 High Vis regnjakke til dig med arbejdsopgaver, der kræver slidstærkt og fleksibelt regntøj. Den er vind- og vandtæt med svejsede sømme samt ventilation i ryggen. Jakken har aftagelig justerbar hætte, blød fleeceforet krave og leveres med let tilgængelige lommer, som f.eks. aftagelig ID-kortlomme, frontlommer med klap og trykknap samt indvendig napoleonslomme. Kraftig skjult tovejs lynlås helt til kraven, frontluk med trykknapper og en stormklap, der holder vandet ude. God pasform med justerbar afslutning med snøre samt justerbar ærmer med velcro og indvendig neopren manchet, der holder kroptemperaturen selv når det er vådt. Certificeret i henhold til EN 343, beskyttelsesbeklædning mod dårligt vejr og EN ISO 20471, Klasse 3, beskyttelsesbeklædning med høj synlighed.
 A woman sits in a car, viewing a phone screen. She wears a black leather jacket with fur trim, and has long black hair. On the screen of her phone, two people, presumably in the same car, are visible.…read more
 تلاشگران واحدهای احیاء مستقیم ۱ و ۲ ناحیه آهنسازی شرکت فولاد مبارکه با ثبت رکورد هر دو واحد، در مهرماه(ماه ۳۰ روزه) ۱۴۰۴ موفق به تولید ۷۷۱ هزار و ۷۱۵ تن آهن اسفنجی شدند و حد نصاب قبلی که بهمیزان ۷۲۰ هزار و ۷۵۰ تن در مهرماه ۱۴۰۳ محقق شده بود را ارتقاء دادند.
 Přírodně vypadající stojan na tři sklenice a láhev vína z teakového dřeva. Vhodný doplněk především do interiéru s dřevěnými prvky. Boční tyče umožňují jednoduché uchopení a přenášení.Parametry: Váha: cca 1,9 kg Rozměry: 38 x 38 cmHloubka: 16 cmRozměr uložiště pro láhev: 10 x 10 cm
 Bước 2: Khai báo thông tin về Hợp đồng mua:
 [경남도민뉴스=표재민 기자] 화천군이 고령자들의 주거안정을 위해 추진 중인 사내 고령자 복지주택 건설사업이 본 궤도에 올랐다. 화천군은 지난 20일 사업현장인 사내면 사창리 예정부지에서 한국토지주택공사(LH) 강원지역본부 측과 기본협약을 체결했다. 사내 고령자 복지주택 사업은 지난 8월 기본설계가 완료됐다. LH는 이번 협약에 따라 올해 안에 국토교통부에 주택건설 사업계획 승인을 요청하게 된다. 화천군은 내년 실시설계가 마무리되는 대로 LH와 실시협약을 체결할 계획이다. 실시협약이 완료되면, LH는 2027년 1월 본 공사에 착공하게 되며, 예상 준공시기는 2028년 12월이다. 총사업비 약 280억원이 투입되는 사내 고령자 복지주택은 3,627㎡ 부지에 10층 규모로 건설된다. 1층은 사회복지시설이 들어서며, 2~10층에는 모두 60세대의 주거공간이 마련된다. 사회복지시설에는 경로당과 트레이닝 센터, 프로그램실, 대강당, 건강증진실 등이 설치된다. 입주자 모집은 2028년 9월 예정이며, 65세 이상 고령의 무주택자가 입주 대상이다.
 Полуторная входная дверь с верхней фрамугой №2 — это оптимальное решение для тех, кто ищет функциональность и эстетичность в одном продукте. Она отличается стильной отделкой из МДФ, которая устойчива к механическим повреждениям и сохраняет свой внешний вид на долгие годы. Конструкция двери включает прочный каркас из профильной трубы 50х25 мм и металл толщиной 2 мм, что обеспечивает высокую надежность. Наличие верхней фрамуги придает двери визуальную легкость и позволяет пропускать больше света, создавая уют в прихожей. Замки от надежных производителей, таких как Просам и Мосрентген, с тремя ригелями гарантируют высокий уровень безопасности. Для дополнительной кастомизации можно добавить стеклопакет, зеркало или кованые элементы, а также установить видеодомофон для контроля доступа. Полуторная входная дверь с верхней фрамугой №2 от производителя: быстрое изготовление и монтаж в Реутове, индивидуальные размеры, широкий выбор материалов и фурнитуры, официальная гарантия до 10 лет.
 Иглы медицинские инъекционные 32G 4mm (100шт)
——
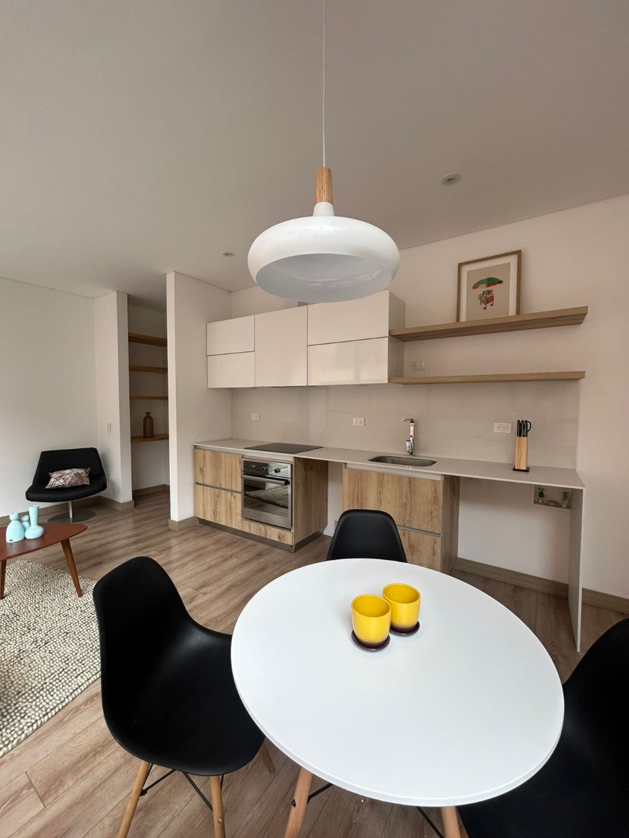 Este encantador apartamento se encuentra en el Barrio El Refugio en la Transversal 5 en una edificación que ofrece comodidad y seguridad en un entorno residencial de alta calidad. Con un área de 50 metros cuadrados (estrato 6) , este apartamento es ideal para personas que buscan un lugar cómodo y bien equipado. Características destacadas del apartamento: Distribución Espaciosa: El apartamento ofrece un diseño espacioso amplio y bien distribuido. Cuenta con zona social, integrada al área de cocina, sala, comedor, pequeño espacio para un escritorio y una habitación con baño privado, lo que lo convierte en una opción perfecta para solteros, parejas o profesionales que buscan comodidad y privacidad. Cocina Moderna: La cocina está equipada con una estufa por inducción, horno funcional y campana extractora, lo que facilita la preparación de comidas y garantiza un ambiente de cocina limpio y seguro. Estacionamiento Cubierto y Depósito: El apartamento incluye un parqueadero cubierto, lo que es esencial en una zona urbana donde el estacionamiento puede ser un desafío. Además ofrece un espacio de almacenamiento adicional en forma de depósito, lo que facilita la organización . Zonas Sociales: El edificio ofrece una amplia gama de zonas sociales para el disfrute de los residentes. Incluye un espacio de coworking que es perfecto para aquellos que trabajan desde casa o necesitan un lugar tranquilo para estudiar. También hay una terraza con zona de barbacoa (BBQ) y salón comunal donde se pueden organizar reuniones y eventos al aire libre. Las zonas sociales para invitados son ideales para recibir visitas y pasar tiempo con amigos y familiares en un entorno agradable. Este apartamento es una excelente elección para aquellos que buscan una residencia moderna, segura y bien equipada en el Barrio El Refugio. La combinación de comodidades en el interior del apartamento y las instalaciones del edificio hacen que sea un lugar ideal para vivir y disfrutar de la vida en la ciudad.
——
▶ Problem to solve
Taking the entries above, write out exactly each line from the one holding "Přírodně vypadající stojan" to the one holding "Bước 2: Khai", both included, and stop there.

▶ Answer for the task
 Přírodně vypadající stojan na tři sklenice a láhev vína z teakového dřeva. Vhodný doplněk především do interiéru s dřevěnými prvky. Boční tyče umožňují jednoduché uchopení a přenášení.Parametry: Váha: cca 1,9 kg Rozměry: 38 x 38 cmHloubka: 16 cmRozměr uložiště pro láhev: 10 x 10 cm
 Bước 2: Khai báo thông tin về Hợp đồng mua:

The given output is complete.